[Opening EXERCISE MATERIAL section]

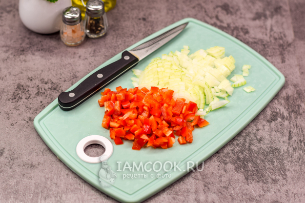 Тем временем подготовьте овощи - очистите лук и сладкий перец, сполосните овощи и просушите. После нарежьте лук небольшими кубиками, перец также нарежьте небольшими кубиками.
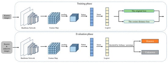The proposed framework for OSR operates in two stages (Figure 1): (1) Training phase: Backbone networks (e.g., ResNet50) extract features from KCs, which are pooled, flattened, and passed through a fully connected layer to generate logit prediction scores. CDLoss is added to the original loss to be used in calculating the total loss. Through the backpropagation algorithm, the model computes the gradients of the model parameters based on this total loss. These gradients reflect how the loss function changes with respect to each parameter, guiding the direction in which the model parameters should be updated. Subsequently, the optimizer leverages this gradient information to adjust the model parameters in order to minimize the total loss. (2) Testing phase: A prediction score is computed for each test sample, either through Softmax normalization or by calculating the distance between the sample’s feature vector and the class prototype centroid. This score is compared to a threshold to classify the sample as belonging to a KC or UC.
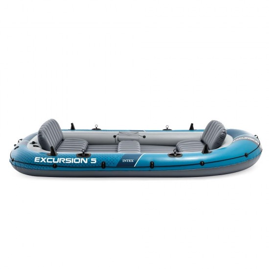 Barca gonflabila Intex Excursion 5, set complet cu vasle si pompa, 366x168x43 cm, max. 600 kg, cod 66325
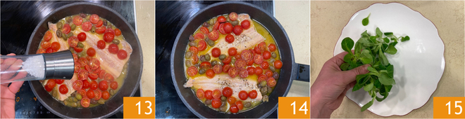 En este punto, la trucha estará cocida, así que ajusta de sal 13 y pimienta. Apaga el fuego y deja reposar por un minuto antes de emplatar 14. Distribuye el canónigo en la base del plato 15.
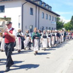 Begonnen hatte der Tag mit einem Gottesdienst in der Teisendorfer Pfarrkirche St. Andreas, den Pfarrer Martin Klein zelebrierte und den der  Landfrauenchor Berchtesgadener Land unter der Leitung von Anja Warislohner mit geistlichen Liedern und Instrumentalstücken gespielt von Anja Warislohner (Geige) und Elisabeth Hogger (Gitarre) gestaltete. In das zum Schluss des Gottesdienstes gesungene  Irische Segenslied stimmte die ganze Kirche mit ein. „Vergelts Euch Gott, es war ein Hochgenuß!“, mit diesen Worten bedankte sich Pfarrer Martin Klein beim Chor und wünschte allen Teilnehmerinnen des Chöretreffens einen wunderschönen Tag in Teisendorf. Danach ging es bei strahlendem Sonnenschein unter den Klängen der Musikkapelle Teisendorf im Zug durch die Markt- und Poststraße zum Poststall. Zahlreiche Schaulustige säumten die Straßen.
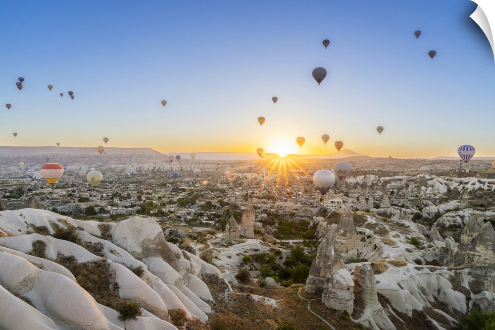 <p>Rock formations, hot air balloons at sunrise, Goreme, Goreme Historical National Park, Nevsehir District, Nevsehir Province, UNESCO, Cappadocia, Central Anatolia Region, Turkey</p>
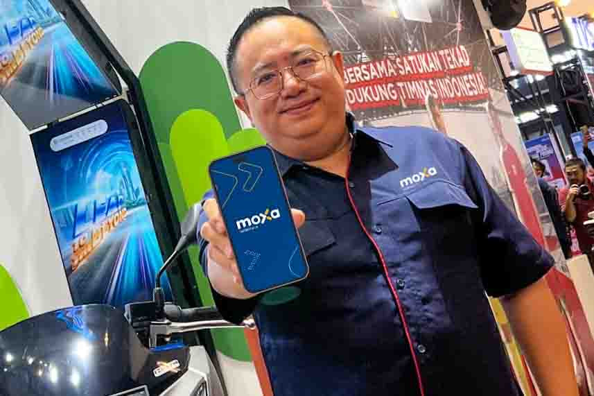 AKTUALITAS.ID – CEO Moxa Lim Lizal menunjukkan aplikasi MOXA Indonesia Motorcycle Show (IMOS) 2024 di Jakarta, Selasa (12/11/2024).

[Closing EXERCISE MATERIAL section]

* **EXERCISE DESCRIPTION**
Give the data again word for word, without images.

* **ANSWER AREA**
 Тем временем подготовьте овощи - очистите лук и сладкий перец, сполосните овощи и просушите. После нарежьте лук небольшими кубиками, перец также нарежьте небольшими кубиками.
The proposed framework for OSR operates in two stages (Figure 1): (1) Training phase: Backbone networks (e.g., ResNet50) extract features from KCs, which are pooled, flattened, and passed through a fully connected layer to generate logit prediction scores. CDLoss is added to the original loss to be used in calculating the total loss. Through the backpropagation algorithm, the model computes the gradients of the model parameters based on this total loss. These gradients reflect how the loss function changes with respect to each parameter, guiding the direction in which the model parameters should be updated. Subsequently, the optimizer leverages this gradient information to adjust the model parameters in order to minimize the total loss. (2) Testing phase: A prediction score is computed for each test sample, either through Softmax normalization or by calculating the distance between the sample’s feature vector and the class prototype centroid. This score is compared to a threshold to classify the sample as belonging to a KC or UC.
 Barca gonflabila Intex Excursion 5, set complet cu vasle si pompa, 366x168x43 cm, max. 600 kg, cod 66325
 En este punto, la trucha estará cocida, así que ajusta de sal 13 y pimienta. Apaga el fuego y deja reposar por un minuto antes de emplatar 14. Distribuye el canónigo en la base del plato 15.
 Begonnen hatte der Tag mit einem Gottesdienst in der Teisendorfer Pfarrkirche St. Andreas, den Pfarrer Martin Klein zelebrierte und den der  Landfrauenchor Berchtesgadener Land unter der Leitung von Anja Warislohner mit geistlichen Liedern und Instrumentalstücken gespielt von Anja Warislohner (Geige) und Elisabeth Hogger (Gitarre) gestaltete. In das zum Schluss des Gottesdienstes gesungene  Irische Segenslied stimmte die ganze Kirche mit ein. „Vergelts Euch Gott, es war ein Hochgenuß!“, mit diesen Worten bedankte sich Pfarrer Martin Klein beim Chor und wünschte allen Teilnehmerinnen des Chöretreffens einen wunderschönen Tag in Teisendorf. Danach ging es bei strahlendem Sonnenschein unter den Klängen der Musikkapelle Teisendorf im Zug durch die Markt- und Poststraße zum Poststall. Zahlreiche Schaulustige säumten die Straßen.
 <p>Rock formations, hot air balloons at sunrise, Goreme, Goreme Historical National Park, Nevsehir District, Nevsehir Province, UNESCO, Cappadocia, Central Anatolia Region, Turkey</p>
 AKTUALITAS.ID – CEO Moxa Lim Lizal menunjukkan aplikasi MOXA Indonesia Motorcycle Show (IMOS) 2024 di Jakarta, Selasa (12/11/2024).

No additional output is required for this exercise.